WHAT YOU ARE ASKED TO DO |
For the data below, transcribe the part that opens with the line containing "Wie alle Griffe" and closes with the line containing "投放824條商盟,成都氯乙烯", exactly and with no pictures.

RECORDS SHOWN |
☆ ☆ ☆ ☆

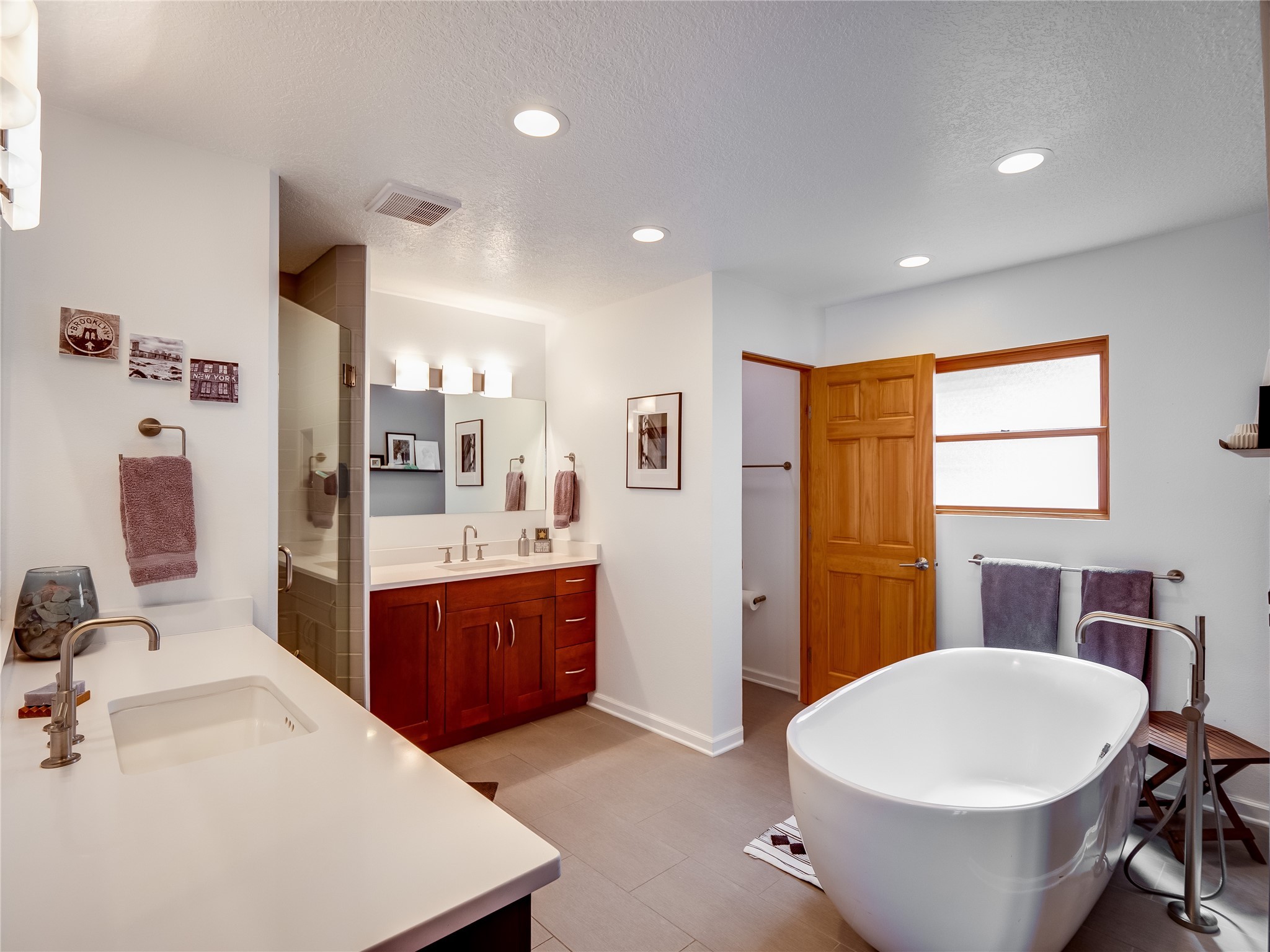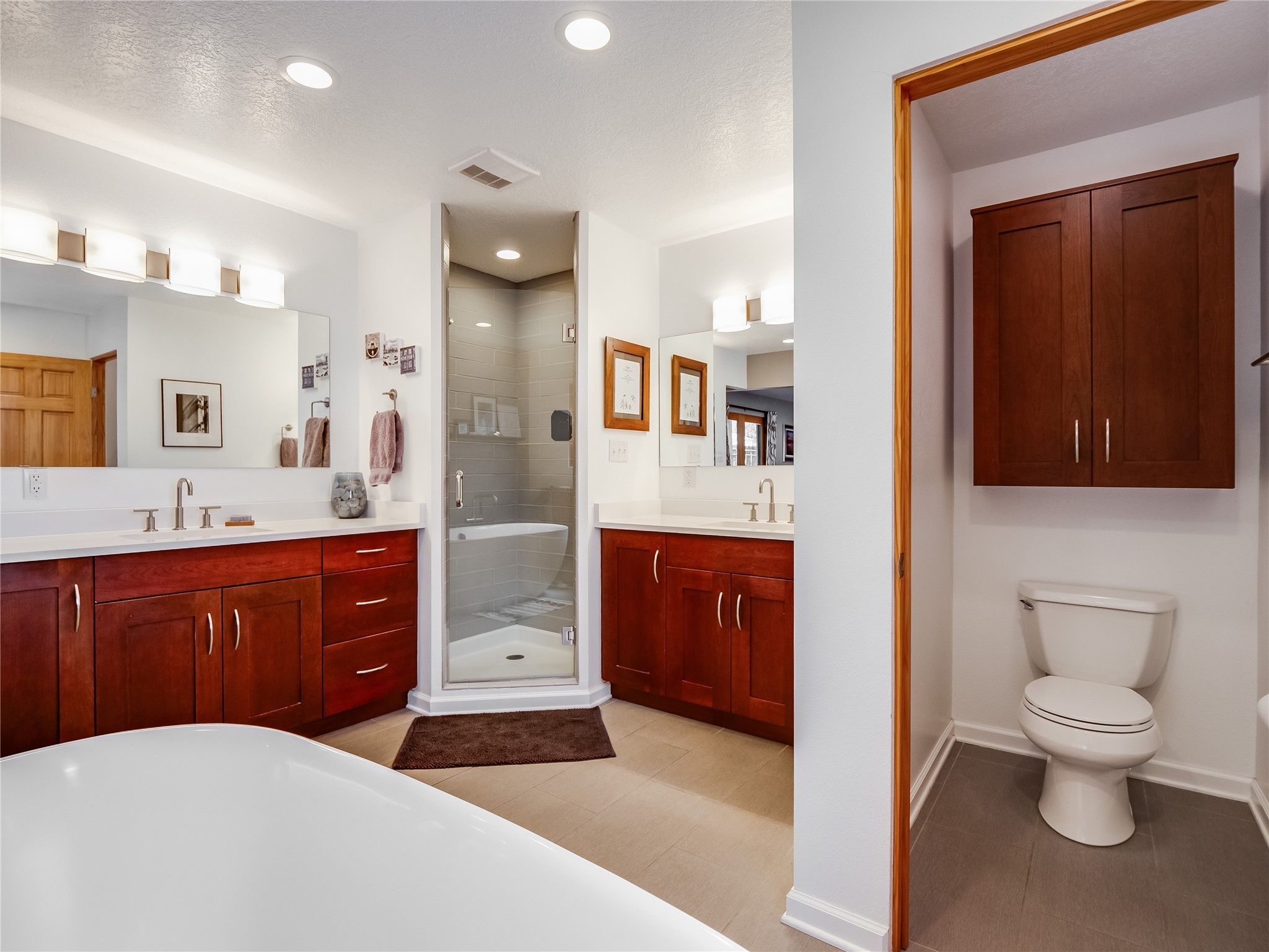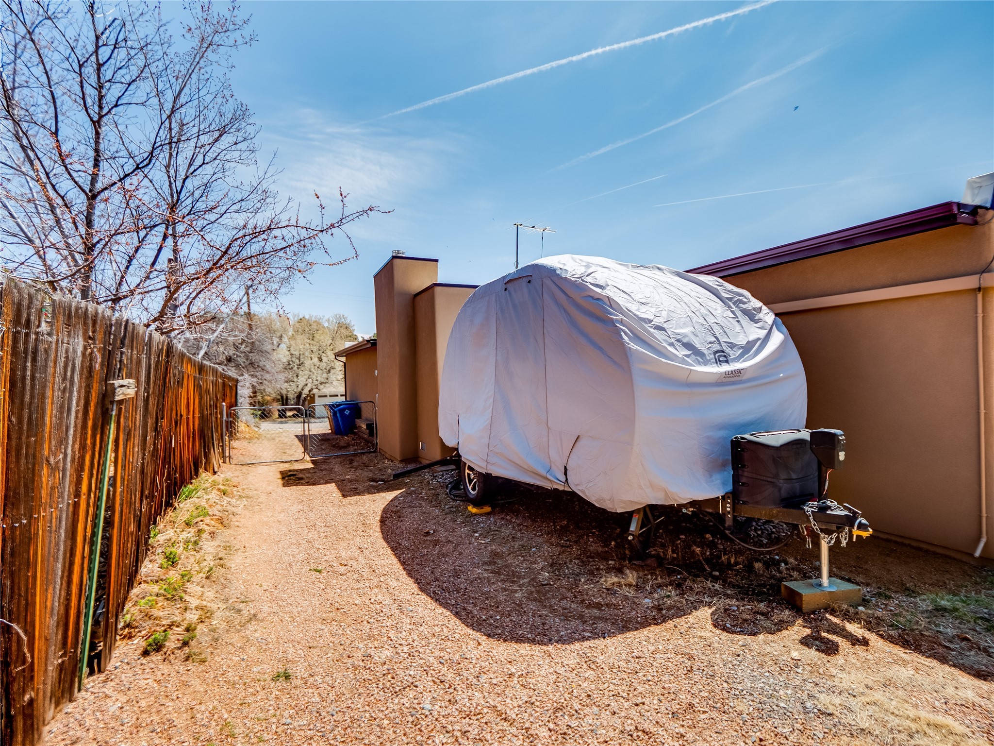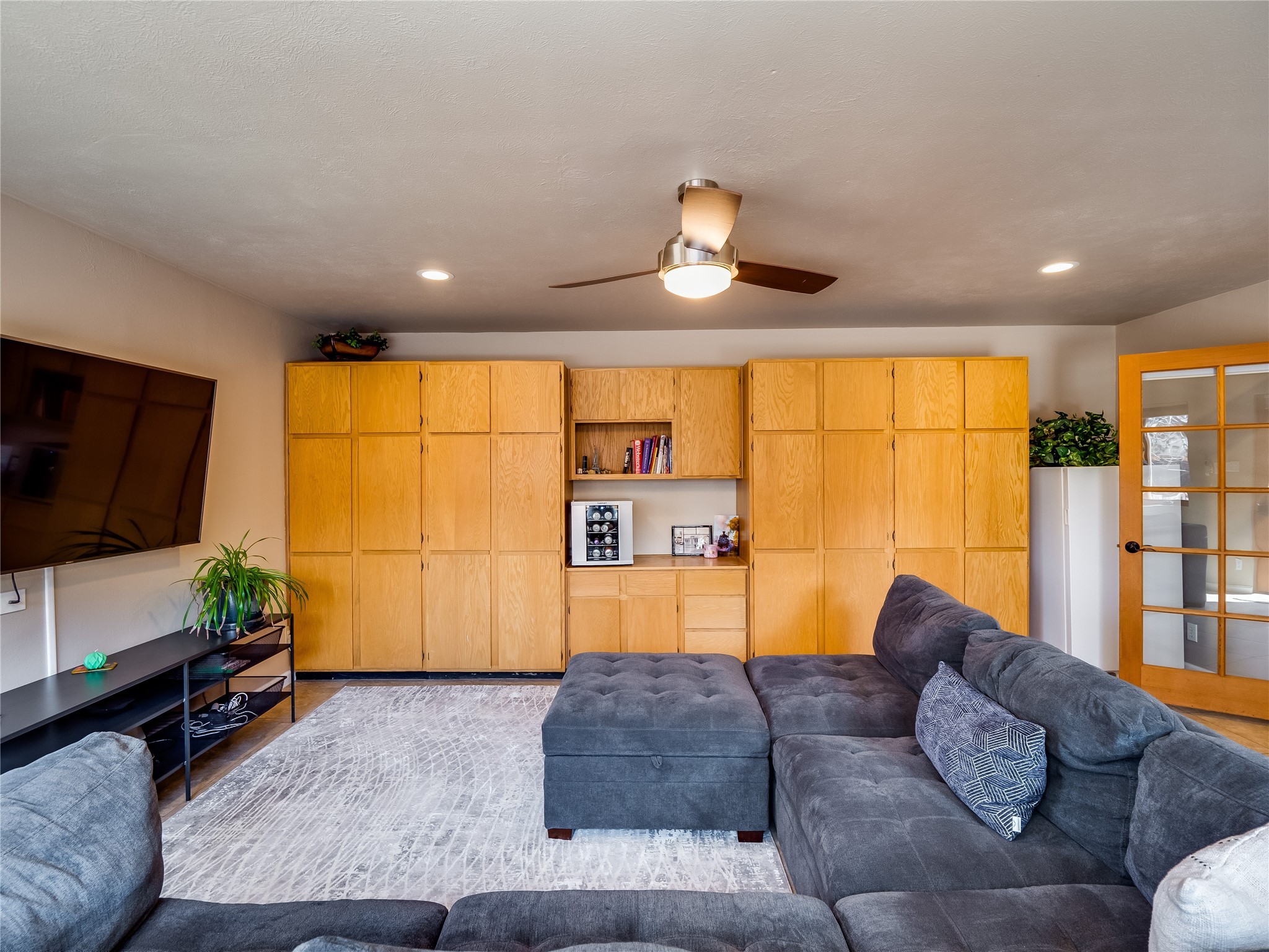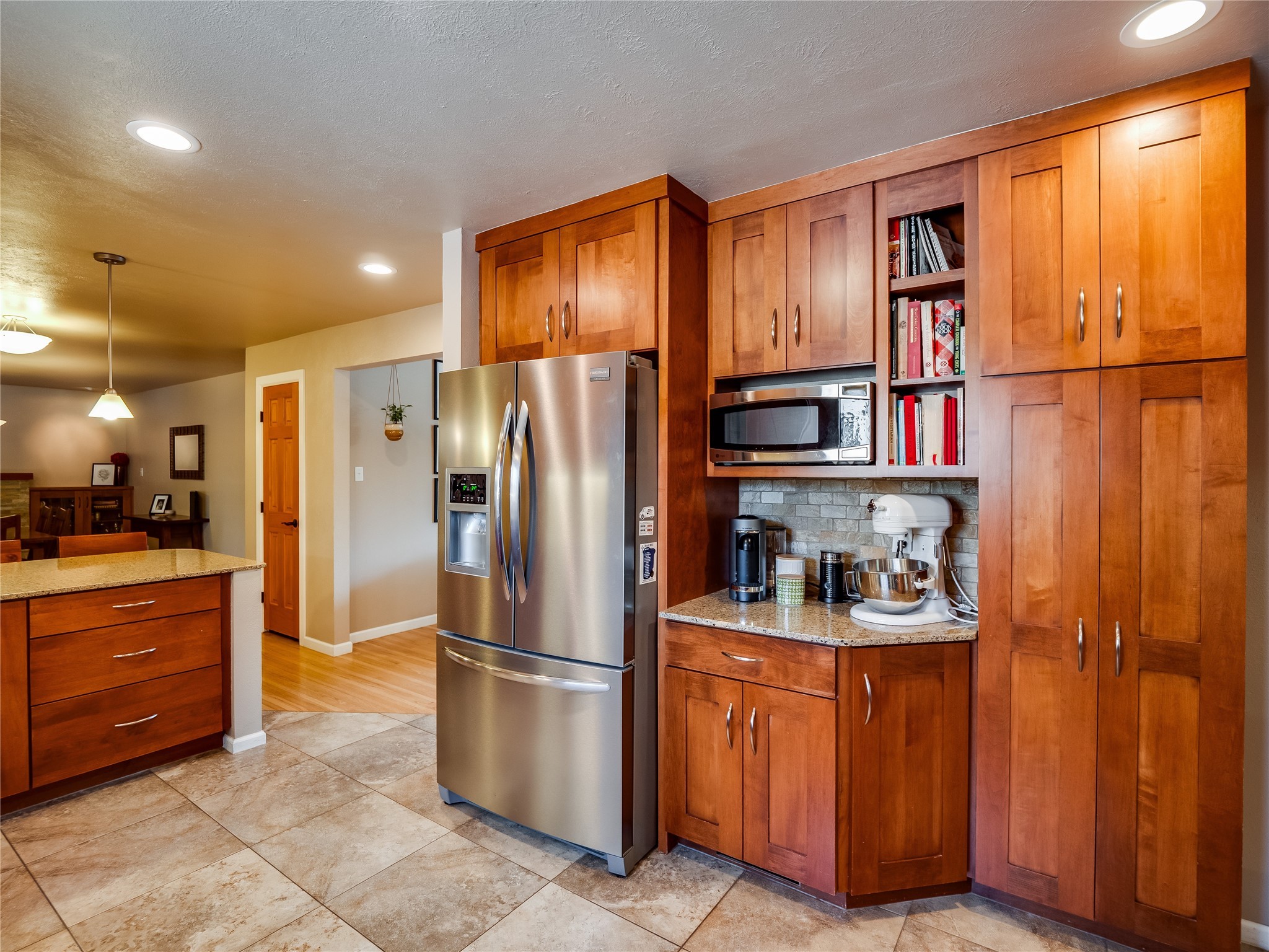 Stunning Single-Story home in Barranca Mesa! Elevated from the street and tucked away behind mature shrubs and trees, this home offers the perfect blend of privacy, charm, and luxury. Step into the foyer and head to the right and youre welcomed into the inviting living room bathed in natural light, featuring wood floors and a large front-facing window. Flowing seamlessly from the living space is a gourmet kitchen, a true chef's delight with warm wood cabinetry, a stylish stone tile backsplash, granite counters, and tile flooring. Sleek stainless steel appliances, and a peninsula island with bar seating opens to the spacious dining room. The dining room is designed for both everyday living and entertaining, offering direct access to the two-car garage and featuring a wood-burning stove flanked by custom built-in cabinetry. French doors lead to the bright and airy family room, where a full wall of built-in cabinets providing ample storage. From here, step out onto the back patio and into the expansive backyard. Down the main hallway are two generously sized guest bedrooms, a full guest bathroom, and a laundry room with cabinetry and convenient access to the backyard. The showstopper of this home is the luxurious primary en-suite. Open and elegant, it boasts a large walk-in closet, direct access to the back patio, and a stunning three-sided fireplace that brings warmth and ambiance to both the bedroom and the spa-inspired bathroom. Indulge in the tiled walk-in shower, enjoy the dual single-sink vanities, or soak in the freestanding tub beside the flickering fire--this space is truly a retreat. The huge backyard is an entertainer's dream, complete with a spacious patio, mature fruit trees, planters, and a large storage shed. Whether you're relaxing under the stars or hosting a summer gathering, this outdoor space delivers. Located near trails and schools, this gem offers comfort, style, and convenience all in one. Don't miss out--schedule your private tour today!
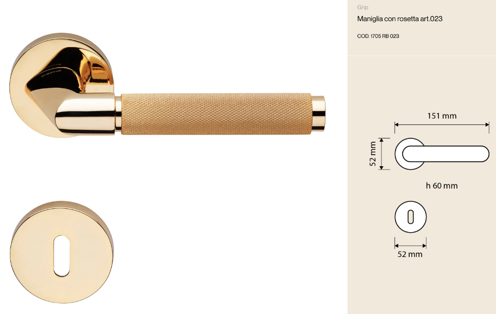 Wie alle Griffe von Linea Calì wird auch die Grip-Kollektion vollständig in Italien im Werk Vobarno (BS) hergestellt und mit der eingravierten Marke versehen, die ihre Echtheit und hohe Qualität bescheinigt.
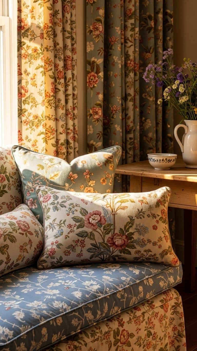 Think of vintage floral fabrics as your palette for cottagecore charm: start by pairing small-scale ditsy prints with larger botanical motifs so each pattern reads clearly from both near and far. You’ll mix chintz layering with linen textures, rotate heirloom prints on cushions and curtains, and keep color stories restrained. This lets you create a free, lived-in cottage look that feels intentional.
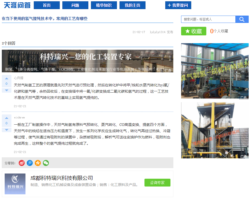 投放824條商盟,成都氯乙烯專用吸附劑、2000方甲裂制氫裝置、1.5萬方甲裂制氫、800方焦爐煤氣提氫、1.5萬方氫氣提純裝置、900方甲裂制氫、成都氧化鋁專用硅膠等關鍵詞都在吉斯特建材網、好優網、商機購、365資源網等平臺展現,大大提高了搜索引擎抓取收錄機會。
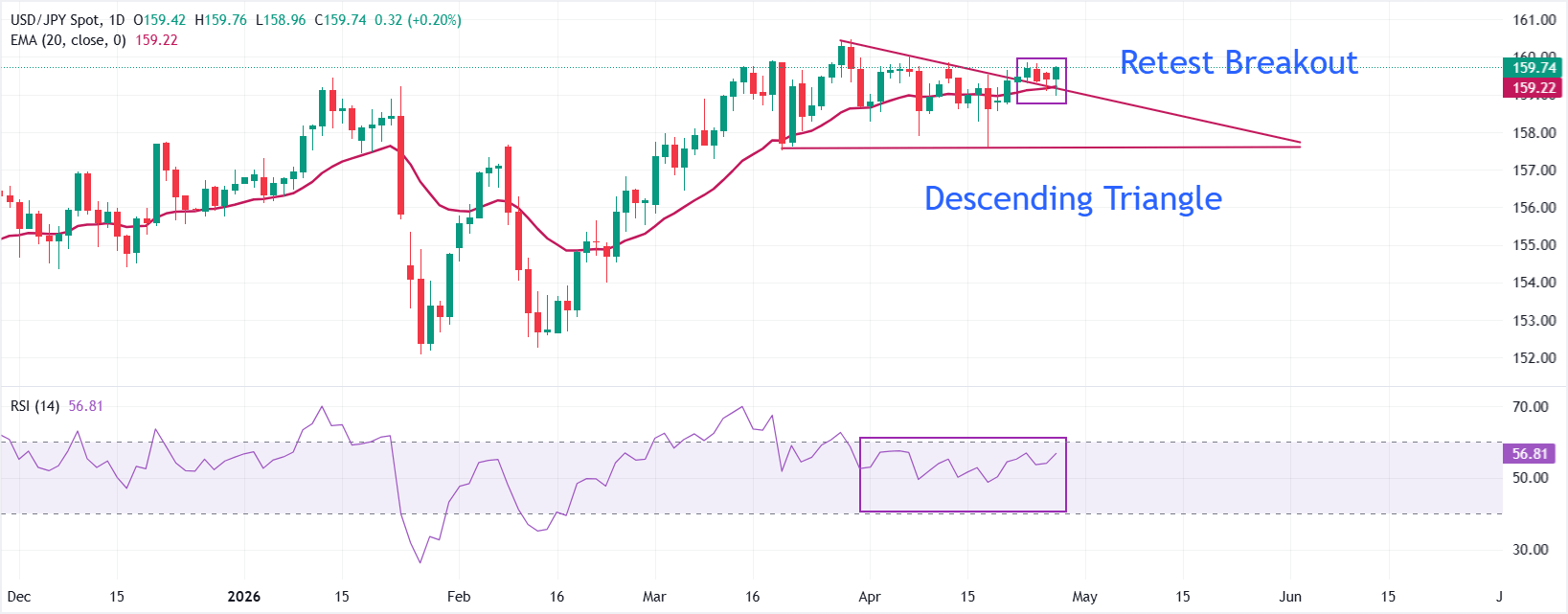 Auf der Oberseite liegt der unmittelbare Widerstand beim Hoch vom März bei 160,46. Nach unten hin bietet der 20-Perioden-EMA bei 159,22 die erste Unterstützung, während die horizontale Unterstützung des oben genannten Chartmusters bei etwa 157,57 als tiefere strukturelle Untergrenze fungiert; ein Tagesschlusskurs unter diesem Bereich würde den aktuellen bullishen Ton abschwächen und den Weg für eine breitere Korrektur öffnen.

☆ ☆ ☆ ☆

FINISHED EXERCISE |
 Wie alle Griffe von Linea Calì wird auch die Grip-Kollektion vollständig in Italien im Werk Vobarno (BS) hergestellt und mit der eingravierten Marke versehen, die ihre Echtheit und hohe Qualität bescheinigt.
 Think of vintage floral fabrics as your palette for cottagecore charm: start by pairing small-scale ditsy prints with larger botanical motifs so each pattern reads clearly from both near and far. You’ll mix chintz layering with linen textures, rotate heirloom prints on cushions and curtains, and keep color stories restrained. This lets you create a free, lived-in cottage look that feels intentional.
 投放824條商盟,成都氯乙烯專用吸附劑、2000方甲裂制氫裝置、1.5萬方甲裂制氫、800方焦爐煤氣提氫、1.5萬方氫氣提純裝置、900方甲裂制氫、成都氧化鋁專用硅膠等關鍵詞都在吉斯特建材網、好優網、商機購、365資源網等平臺展現,大大提高了搜索引擎抓取收錄機會。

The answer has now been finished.